AGW example: Tamino’s (?) absurdist blog about the probability of having consecutive hot periods being astronomically low

 

hindsight bias: Hindsight bias is the tendency to construct one’s memory after the fact (or interpret the meaning of something said in the past) according to currently known facts and one’s current beliefs. In this way, one appears to make the past consistent with the present and more predictive or predictable than it actually was.

AGW example: The Met Office discovering in January how it had forecasted a cold December in October, as shown by a statement nobody did read, and nobody has read

AGW example: The silly notion that Anthropogenic Global Warming has been consensually recognized in the 1970’s or even earlier

 

inattentional blindness: Inattentional blindness is an inability to perceive something that is within one’s direct perceptual field because one is attending to something else

AGW example: Lancet publishing an incredibly misleading Climate Change report with little mention of the huge difference in the number and type of deaths of people during cold and warm snaps

AGW example: The complete lack of interest about linking the generalized Northern Hemispheric cold and the silent Sun

 

magical thinking: According to anthropologist Dr. Phillips Stevens Jr., magical thinking involves several elements, including a belief in the interconnectedness of all things through forces and powers that transcend both physical and spiritual connections. Magical thinking invests special powers and forces in many things that are seen as symbol. One of the driving principles of magical thinking is the notion that things that resemble each other are causally connected in some way that defies scientific testing (the law of similarity)

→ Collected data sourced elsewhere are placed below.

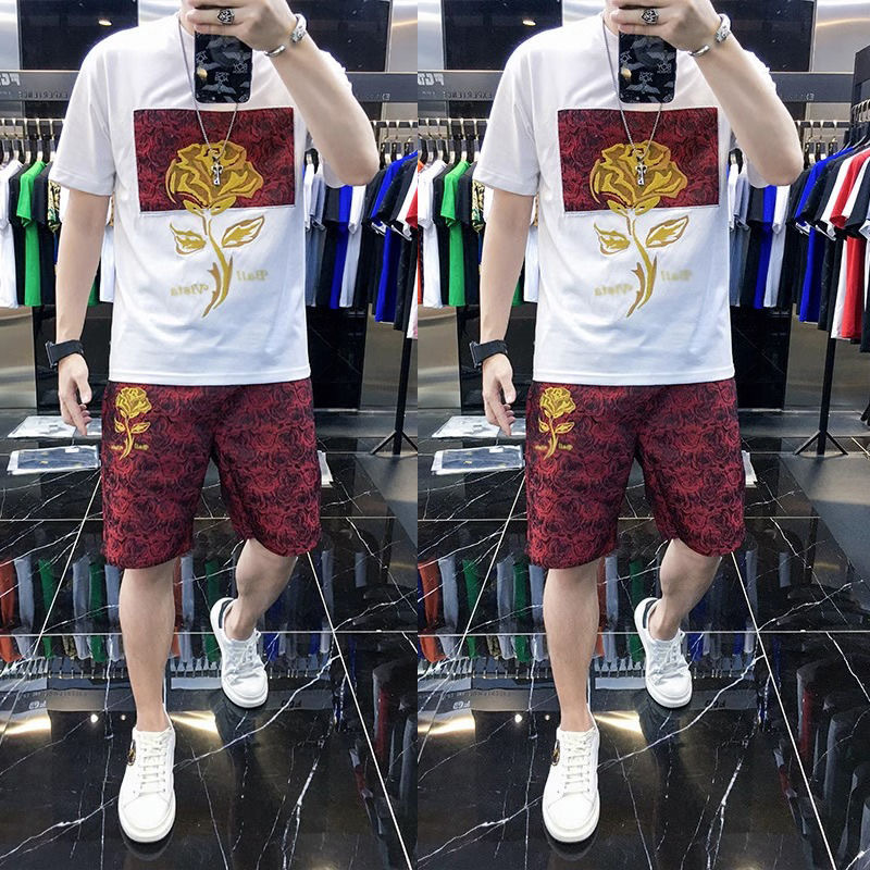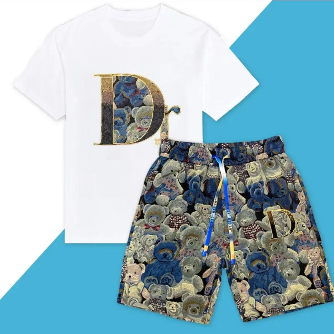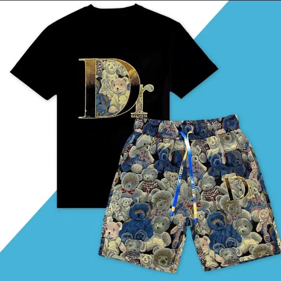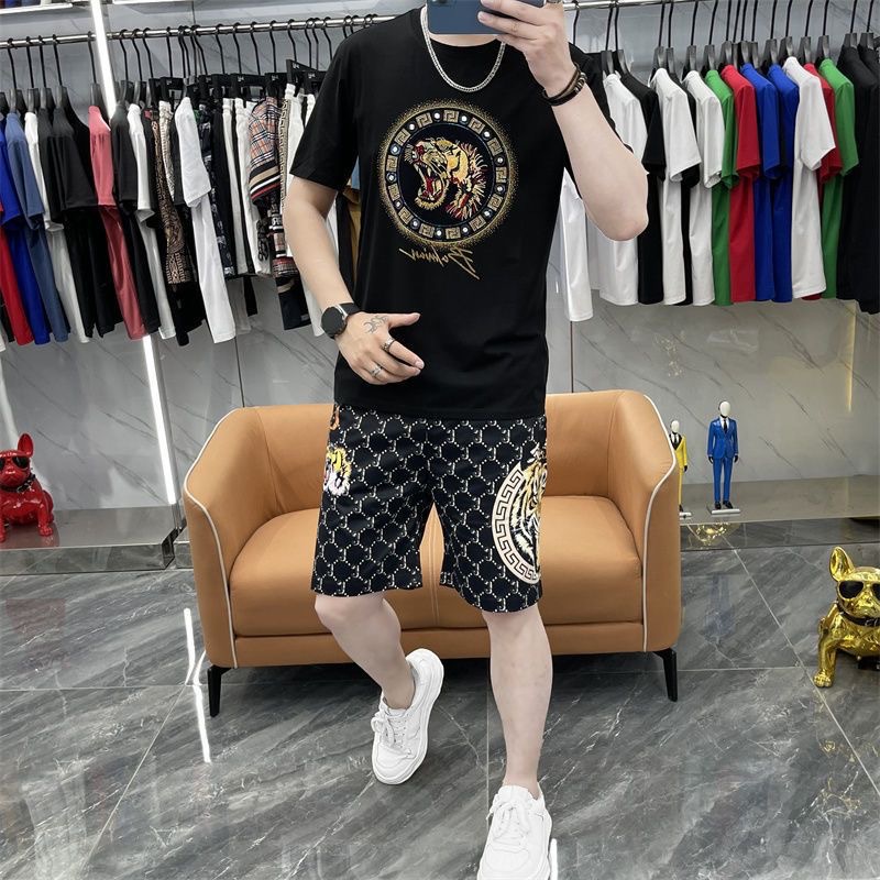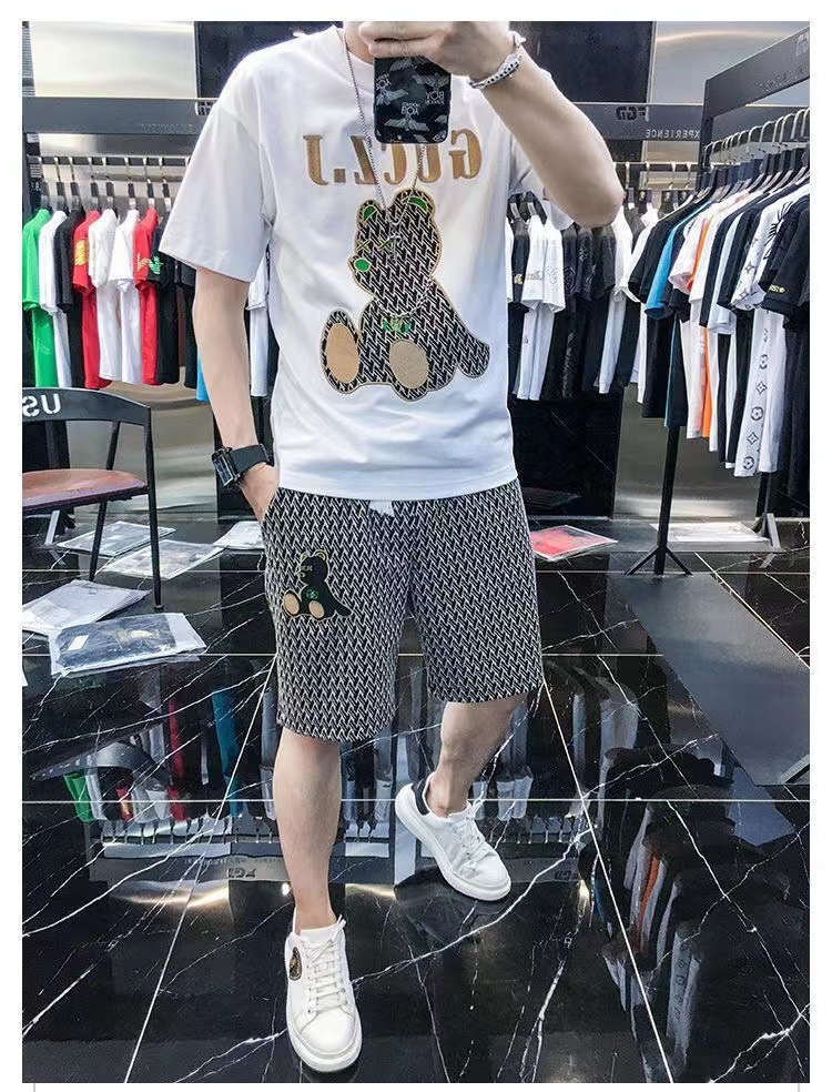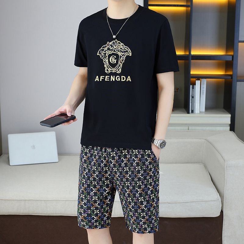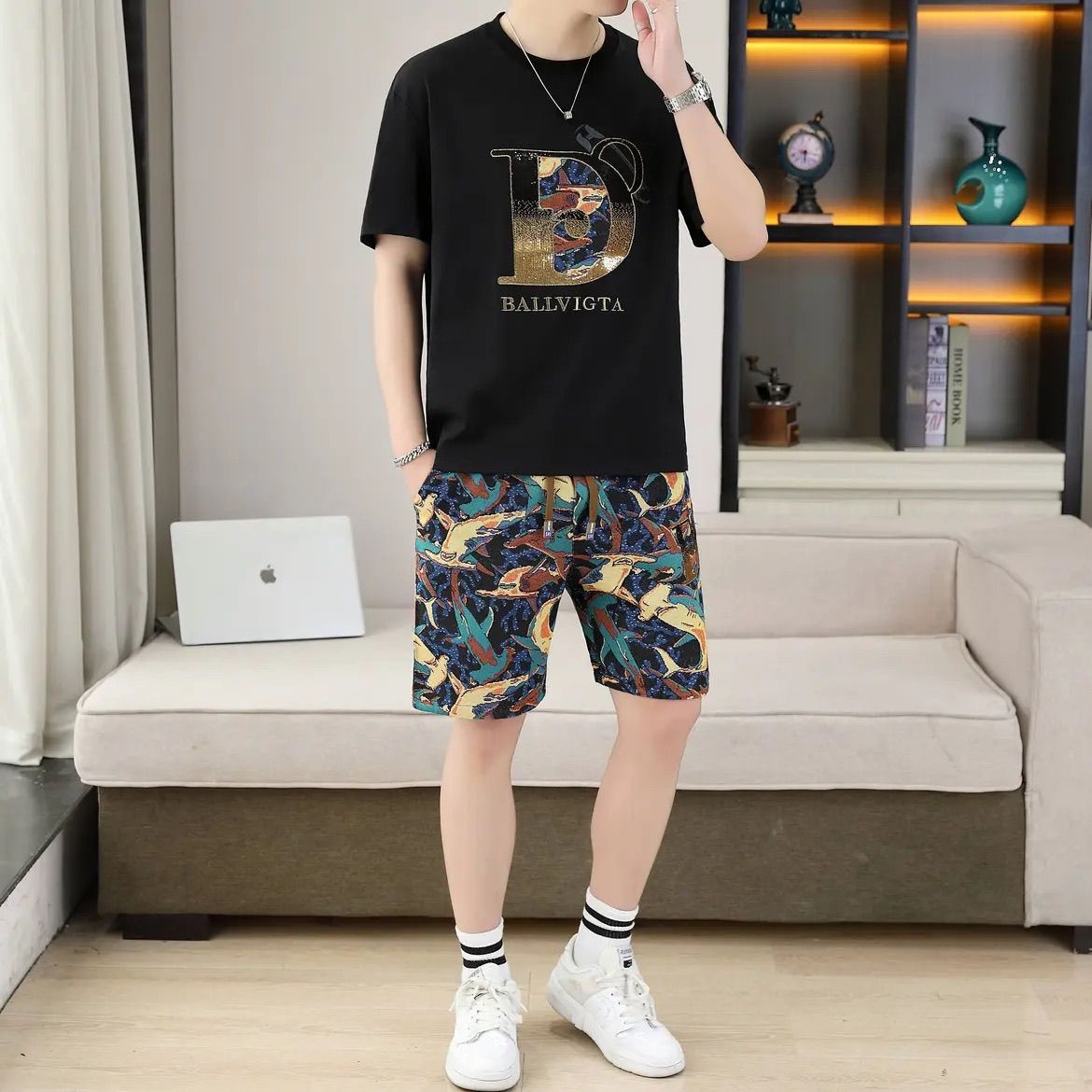 여름 남성 의류 패션 프린트 반팔 반바지 세트 티셔츠 트렌디 한 캐주얼 최고 스포츠 세트 도매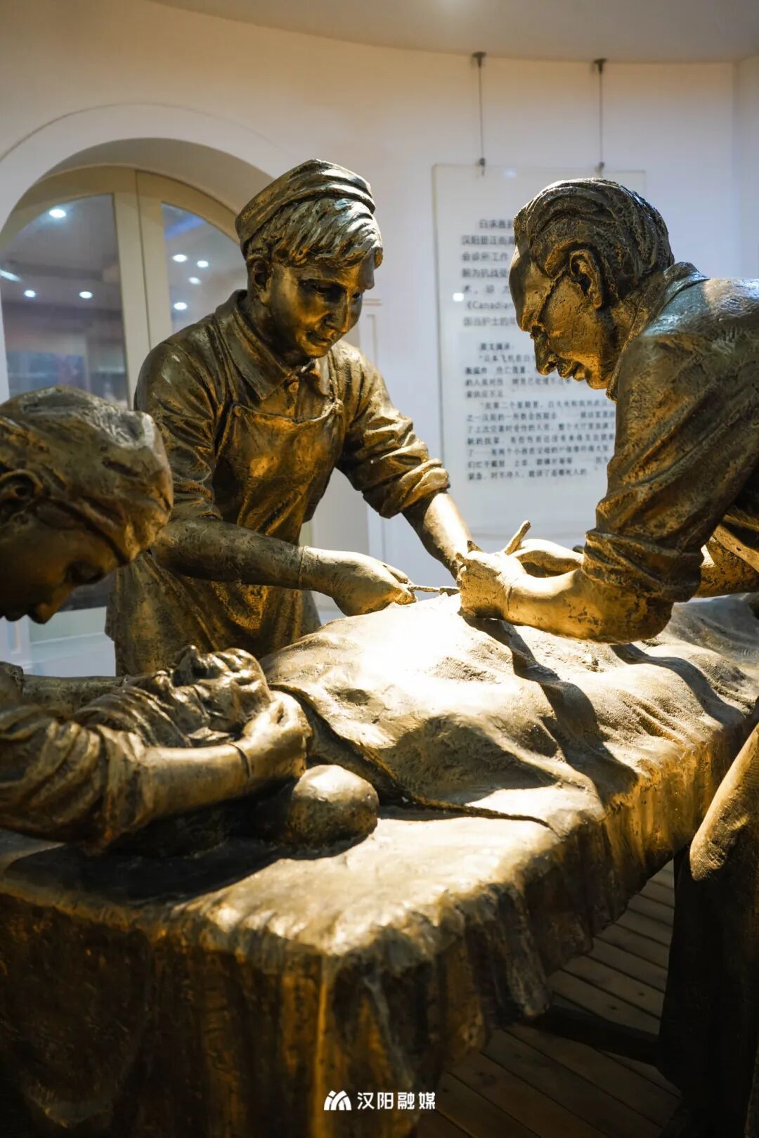 观赏完两个新馆,还可以去三楼的武汉白求恩纪念馆室内展厅看看。展厅以图文形式介绍了白求恩为中国抗战救死扶伤、牺牲自我的感人历程。馆内共有藏品191件,包括一本1949年出版的白求恩遗著《战伤治疗技术》。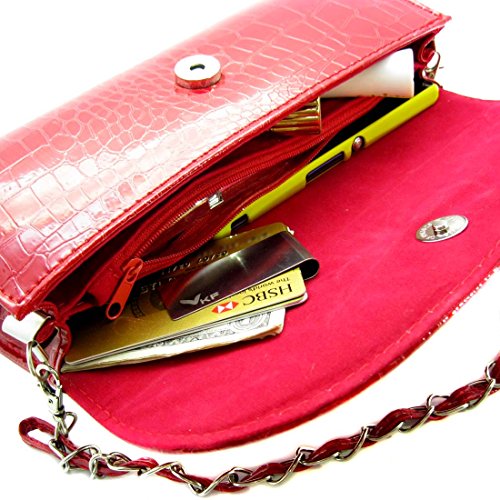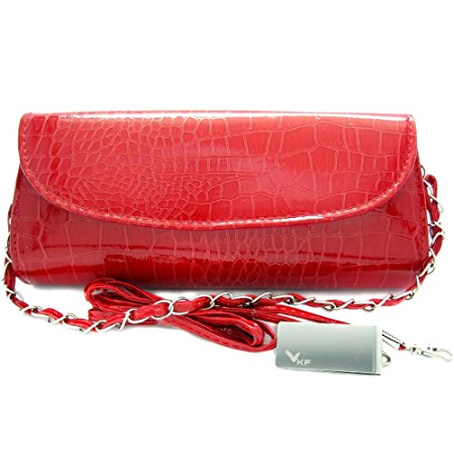 Product Description Missy K Crocodile Skin Embossed Faux Leather Clutch Purse is simple, small and suitable for many occasions such as business meeting, evening party, ball, dinner party and wedding. Comes with a short chained strap of 18 inches and a long faux leather belt of 50 inches, you can easily convert this clutch purse into a dainty handbag or an elegant shoulder purse.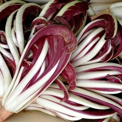 Een prachtige roodlof met lange smalle knalrode, krullende bladeren en dikke, spierwitte nerven. De geoogste kropjes mogen alleen Radicchio di Treviso heten als je ze in beschermde streken in Italië teelt, geef ze dus gerust een andere naam en geniet ervan! Enkele weken voor de oogst kan je de kropjes samenbinden of onder een donkere emmer laten bleken, een traditionele teeltwijze gebeurt als witlof zonder dekgrond, de wortels in een laagje grondwater in een donkere tank.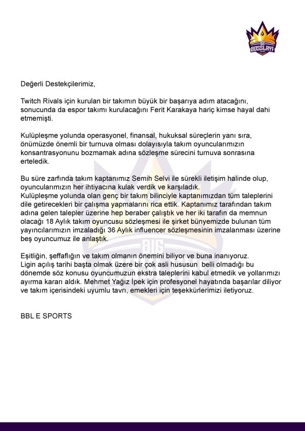 Dün ise takımdan ayrıldığı açıklamıştı. Herkes şaşırtan olay sonrası BBL Esports tarafı sessiz kalmıştı. Bugün BBL Esports’dan ilk açıklama geldi;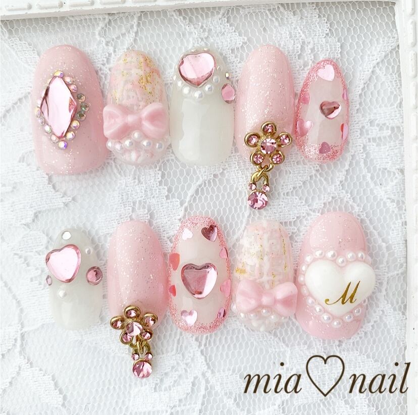 ゆめかわいい〜とっても可愛いピンクと花のチャームネイル
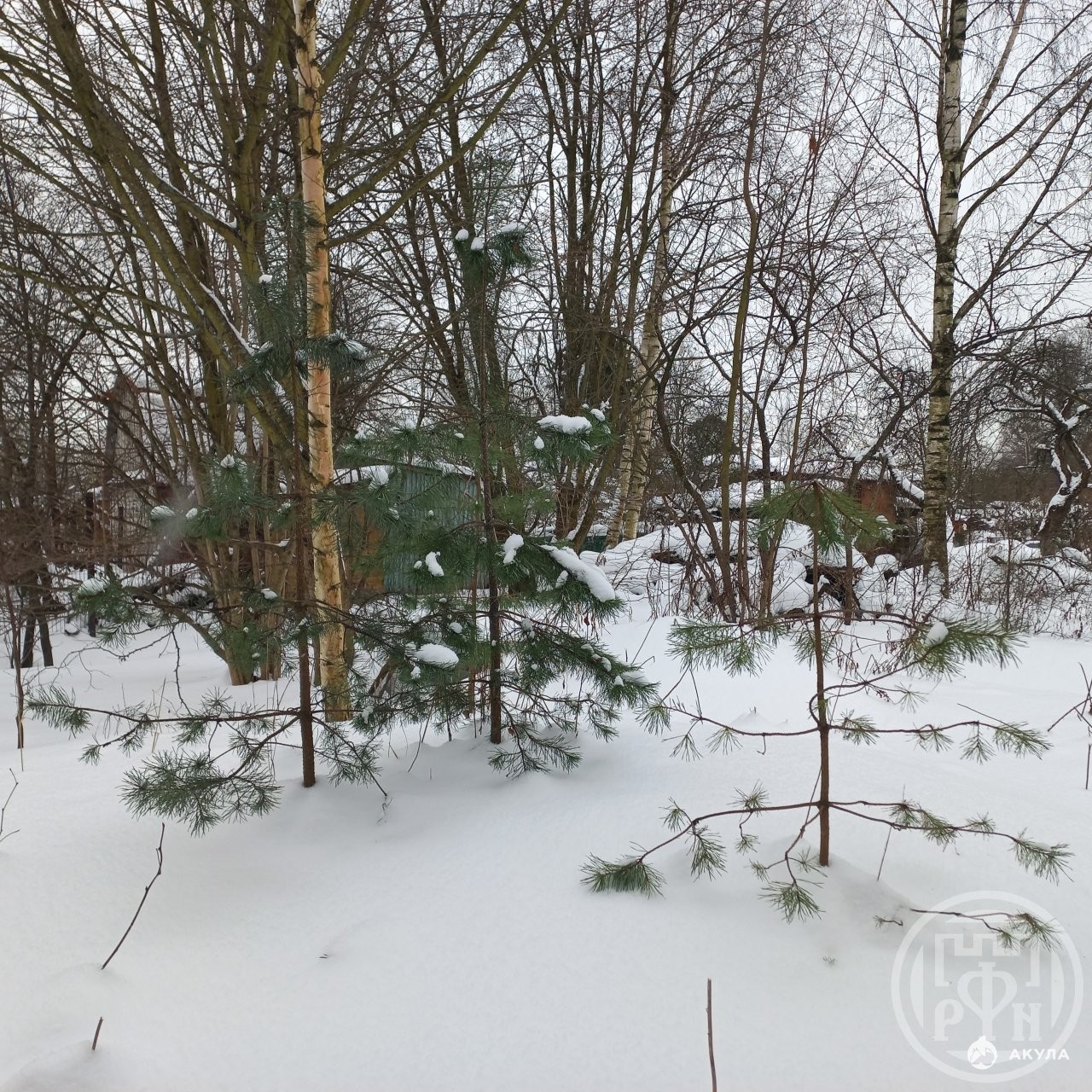 Участок ровный правильной формы, есть ворота, залит фундамент под гараж или навес для машин. На участке растут плодовые деревья, кустарники и новогодняя ель, которую можно украсить на зимние праздники.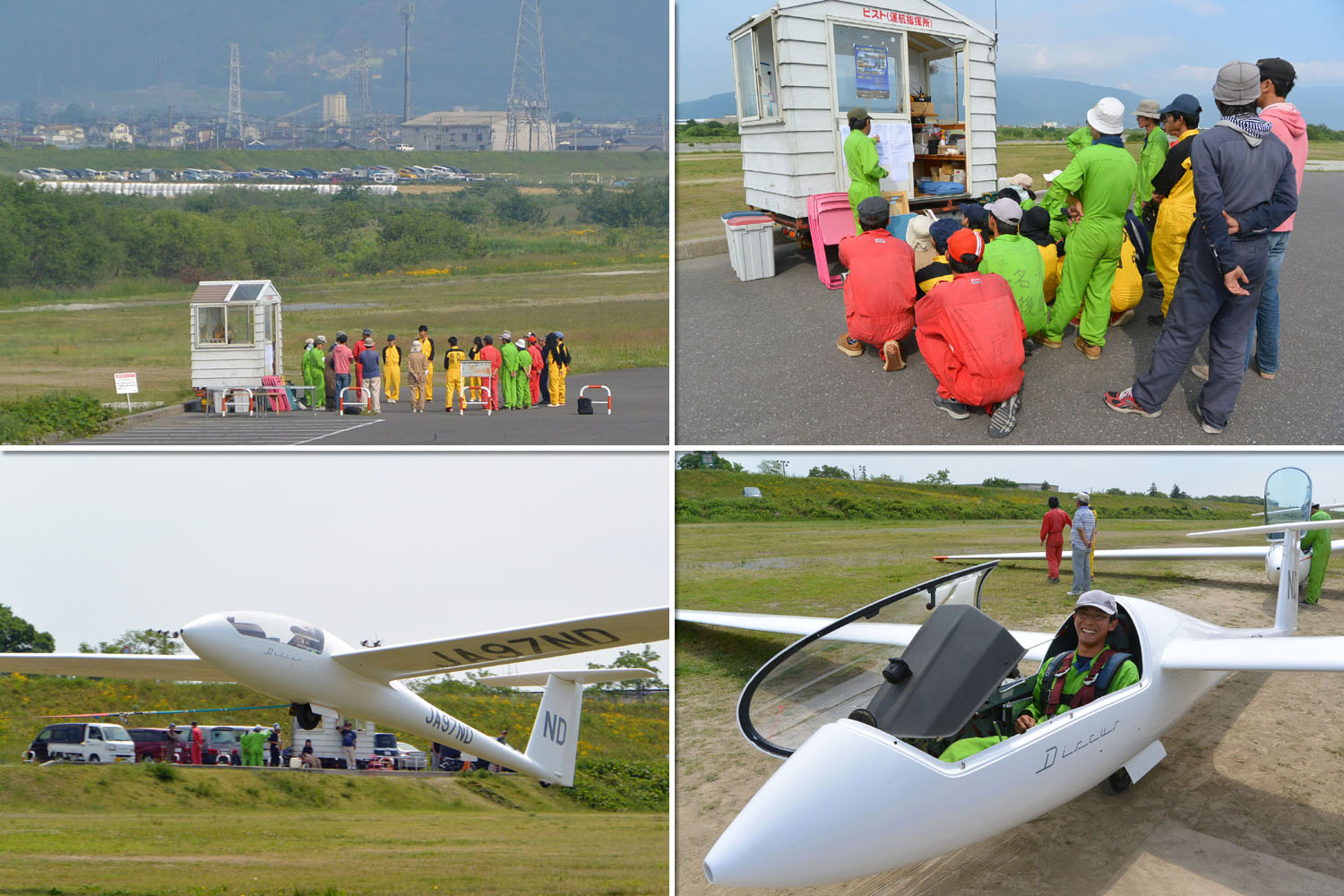 OGC 会員の集合時刻には既に、昨日と同じ JA2108、JA2535、JA21ND、JA97ND のラインナップ完了、8:32 に北向きでフライトを開始しました。風向が変わる前に名大 2回生・達くんの初 Discus が有りました。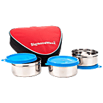 Signoraware Sleek Steel Lunch Box - Leakproof, Blue, 350 ml (Set of 3)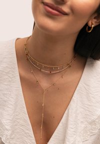 Die perfekte mehrfarbige Halskette für einen tiefen Ausschnitt bei Ihrem nächsten Event. Die Y Mini Stone Colors Halskette besteht aus einer dünnen Kette mit kleinen bunten Steinen. Ein sehr origineller und farbenfroher langer Anhänger.

AGW example: CO2’s mysterious ability to free the Arctic from the ice, and to increase the amount of ice in Antarctica, plus its long hand into anything and everything that ever happens and has bad consequences.

 

motivated reasoning: Motivated reasoning is confirmation bias taken to the next level. Motivated reasoning leads people to confirm what they already believe, while ignoring contrary data. But it also drives people to develop elaborate rationalizations to justify holding beliefs that logic and evidence have shown to be wrong

AGW example: The Anthropogenic Global Warming’s crowd supernatural swiftness in explaining every (bad) phenomenon as a consequence of human CO2 emissions

 

nonfalsifiability: Scientific theories not only explain empirical phenomena, they also predict empirical phenomena. One way we know a scientific theory is no good is that its predictions keep failing. Predictions can’t fail unless a theory is falsifiable. Some pseudoscientific [theories] can’t be falsified because they are consistent with every imaginable empirical state of affairs. Karl Popper noted that psychoanalytic theory, including Freud’s theory of the Oedipus complex, is pseudoscientific because they seem to explain everything and do not leave open the possibility of error. Even contradictory behaviors are appealed to in support of the theory.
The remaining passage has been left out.